Frontend (Streamlit Cloud)

  • Clean UI with JWT token-based login
  • Add/update/delete holdings
  • Profit/loss dashboard (with live price updates)
  • Per-stock news sentiment dashboard

NLP Integration

FinBERT (finbert-tone) - Huggingface model:

  • A financial-domain BERT model fine-tuned on ~10k sentiment-labeled analyst statements
  • Gives output sentiment labels for the news titles passsed: Positive, Negative, or Neutral

Deployment: Why I Chose a Multi-Platform Strategy

While working on the FinSight project, I aimed to deploy it with a realistic, cloud-ready architecture — similar to what you’d find in modern production environments.

Initial Plan: Full Deployment on AWS

I first attempted a full deployment on AWS, using:

  • Amazon RDS (PostgreSQL) for the database
  • EC2 (Ubuntu) instance for the FastAPI backend
  • Streamlit Cloud for the frontend

Why I Dropped It

Even though I was well within the AWS Free Tier, I started noticing charges for:

  • RDS storage and backup service costs, charges for the VPC Public IPv4 Addresses

To avoid incurring unexpected costs during development, I pivoted to a cost-effective and scalable alternative.

Final Deployment Strategy (Free, Efficient, Modular)

ComponentPlatformReason
Frontend (UI)Streamlit CloudSimple, free deployment for Streamlit apps with custom domain support
Backend (API)Hugging Face SpacesFastAPI deployed via Docker; free-tier includes GPU/CPU and public API access
DatabaseNeon Serverless PostgresFree-tier serverless PostgreSQL with generous limits and fast setup

Why This Modular Approach?

  • Streamlit Cloud does not support background tasks or API routing — making it unsuitable for a full-stack app.
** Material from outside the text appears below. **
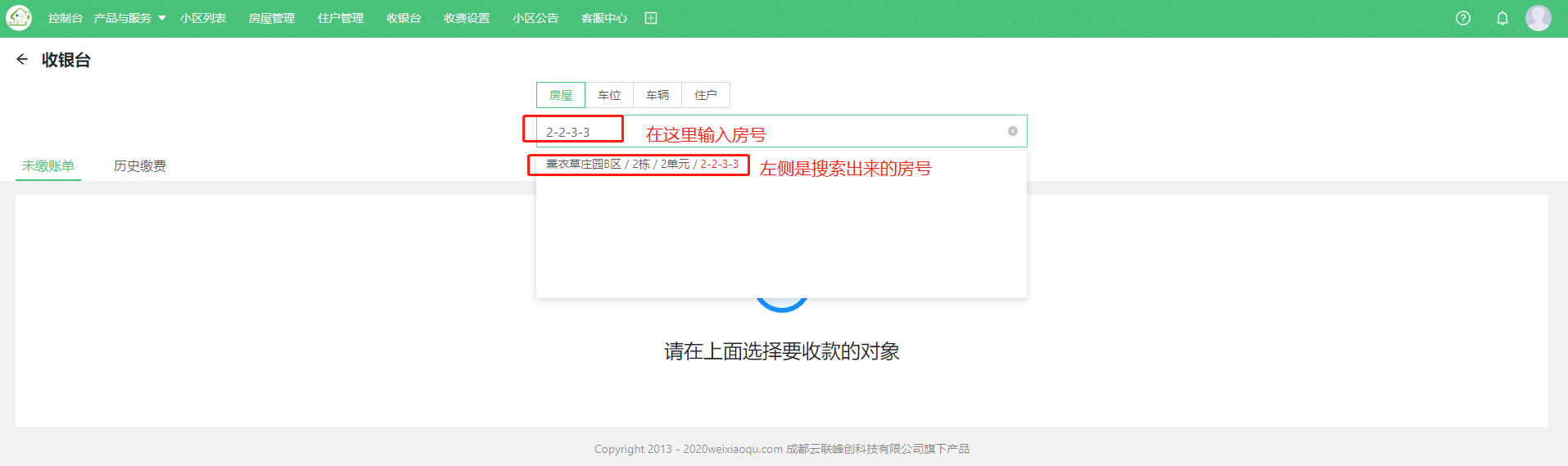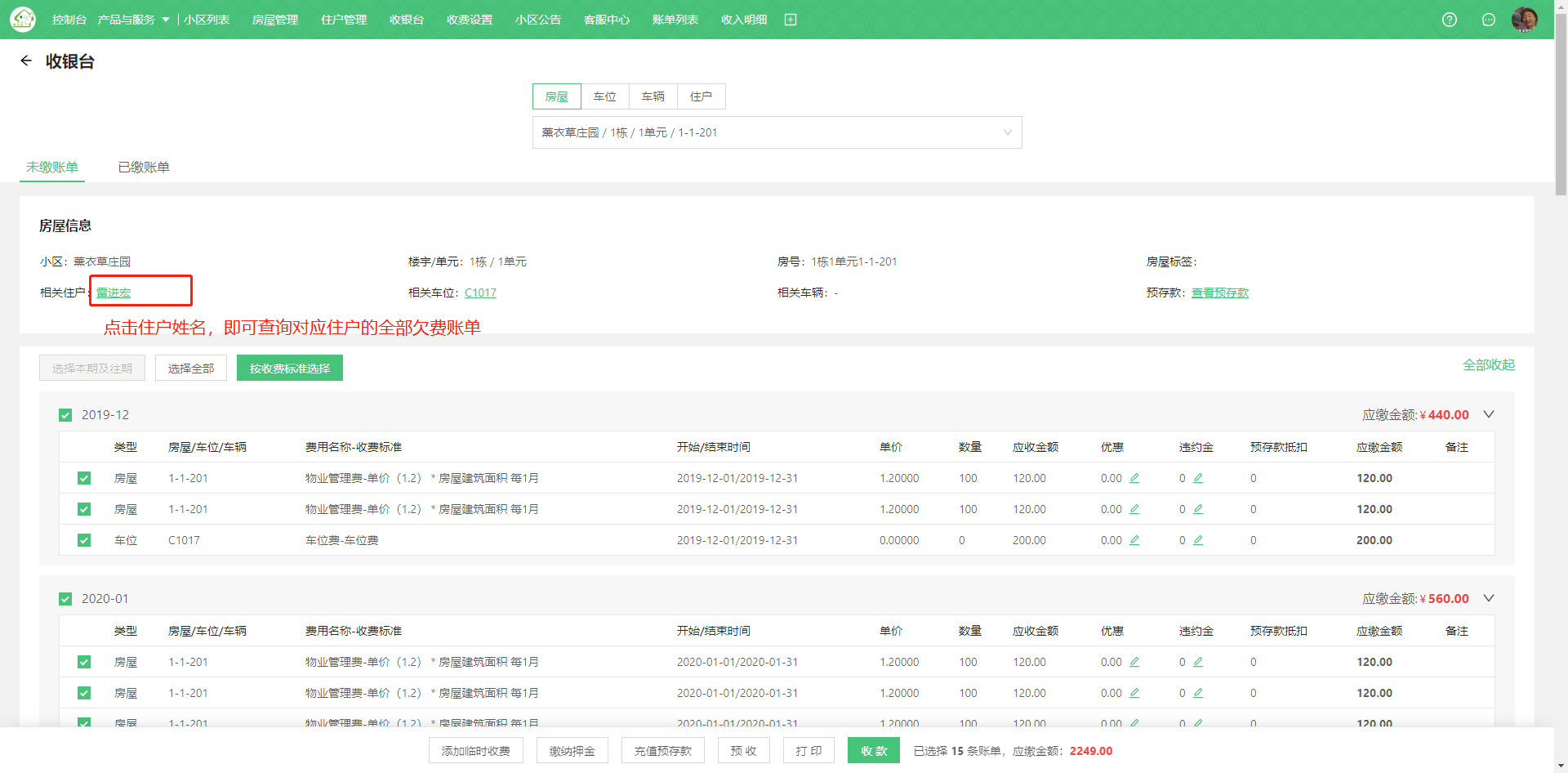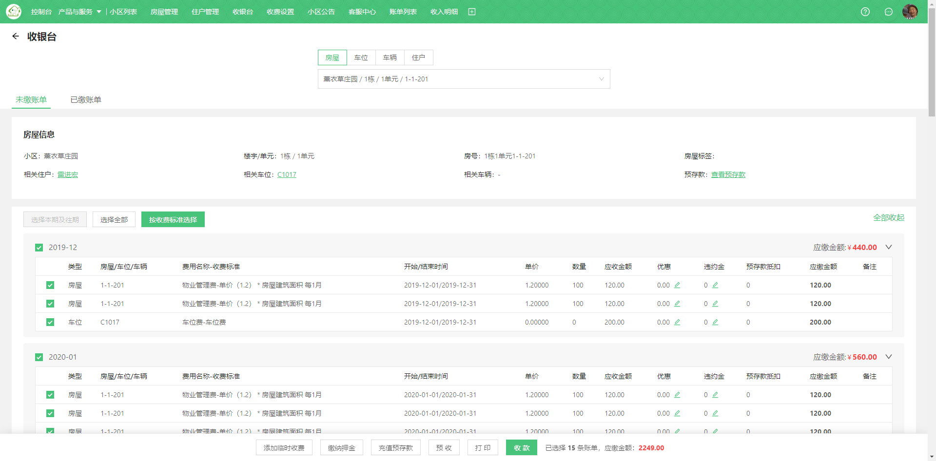 在收银台,小区管理员可以对房屋、车位、车辆、住户的未缴费用账单进行查询和收取。

It can only run frontend logic.

  • FastAPI, when hosted via Hugging Face Spaces (using Docker), gives me full control over the API stack, including uvicorn, CORS, and JWT auth.

  • Neon offers PostgreSQL-as-a-Service with built-in autoscaling, branches for versioning, and no cold start — perfect for hobby projects and even multi-tenant architectures.


Lessons Learned from this project development

  • Cost-awareness is critical even when using cloud “free tiers”; always monitor billing dashboards.

  • Decoupling the app (frontend, backend, DB) leads to easier debugging, flexibility, and platform-optimized deployments.

  • Using Docker ensures portability — I can move the backend to AWS, Azure, or GCP in minutes without changing the code.

  • Cloud-native, server-less options like Hugging Face and Neon are incredible for fast prototyping with zero infrastructure headaches.